Another point of interest is the role of cytoreductive nephrectomy for mRCC patients with IVC thrombus in the era of molecular-targeted therapy. Petrelli et al. recently conducted a meta-analysis and showed that mRCC patients treated with cytoreductive nephrectomy and a targeted agent had their risk of death reduced by >50% compared with those receiving targeted therapy alone [19]. In this study, OS in mRCC patients with an IVC thrombus receiving either targeted therapy alone or both cytokine and targeted therapies after surgery was significantly more favorable compared with those receiving cytokine therapy alone, despite the lack of significant differences in the major clinicopathological parameters among these three groups (data not shown). Furthermore, postoperative treatment with cytokine therapy alone appeared to be an independent factor associated with poor OS, irrespective of other parameters. Similarly, Westesson et al. also reported significantly superior median postoperative survival of mRCC patients with IVC thrombus who were treated with targeted agents compared to those treated with cytokines (20 vs 12 months) [13]. Taken together, even with the extension of a venous thrombus into the IVC, mRCC patients may be likely to benefit from cytoreductive nephrectomy and tumor thrombectomy if targeted agents can be introduced postoperatively.

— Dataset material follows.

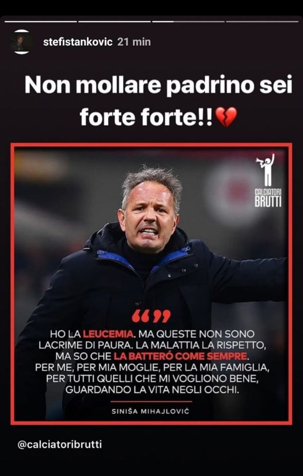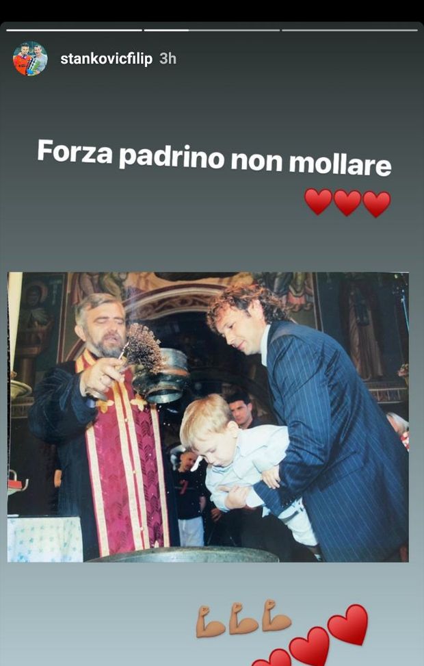 Fra questi Stefan e Filip Stankovic, i figli maggiori di Dejan, amico ed ex compagno di squadra di Mihajlovic, anche in nazionale: dai messaggi di solidarietà e incoraggiamento pubblicati su Instagram dal ragazzo, si capisce che Sinisa è il padrino di battesimo di entrambi i ragazzi, quindi i due Stankovic Jr. e l'ex difensore di Inter e Lazio hanno un legame speciale e l'incoraggiamento e la vicinanza di Stefan e Filip avranno fatto particolarmente piacere a Mihajlovic.
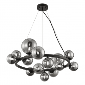 Milagro - Γυάλινο Κρεμαστό Φωτιστικό Μαύρο με Φυμέ Γυαλί Mila Στεφάνι Ø76,6cm 14xG9

We would like to emphasize several limitations of this study. First, despite this being the largest series including mRCC patients with IVC tumor thrombus receiving systemic therapy following cytoreductive surgery, this was a retrospective study involving multiple surgeons as operators, which could possibly affect the findings of this study. Second, there might be significant differences in the therapeutic strategy for mRCC among the previous and present studies, such as the indication of metastatectomy and sequential order of agents introduced as systemic therapy; thus, the present outcome should be interpreted considering this point. In particular, for the assessment of the impact of systemic therapies on the prognosis of mRCC patients receiving cytoreductive nephrectomy, the optimal classification system based on the types of postoperative systemic therapies should be further discussed, since the current classification may result in possible selection bias due to the inclusion of patients receiving both cytokine and molecular-targeted therapies. Fourth, several parameters possibly associated with the prognosis of the included patients in this study, such as PS, volume of extrarenal disease and laboratory abnormalities, were not evaluated. Finally, the strategy of systemic therapy against mRCC is currently changing, including the introduction of immune checkpoint inhibitors and the use of targeted agents in pre- and/or postoperative settings, which may result in an obstacle for the application of the present findings to future clinical practice.

In conclusion, the findings presented in this study suggest that mRCC patients who underwent cytoreductive nephrectomy and IVC tumor thrombectomy could achieve comparatively favorable oncological outcomes, shown to be markedly affected by the type of postoperative systemic therapy rather than the level of the IVC tumor thrombus. Therefore, cytoreductive nephrectomy and IVC tumor thrombectomy should be considered as major therapeutic options for mRCC patients with a venous tumor thrombus extending into the IVC, particularly in the era of targeted therapy.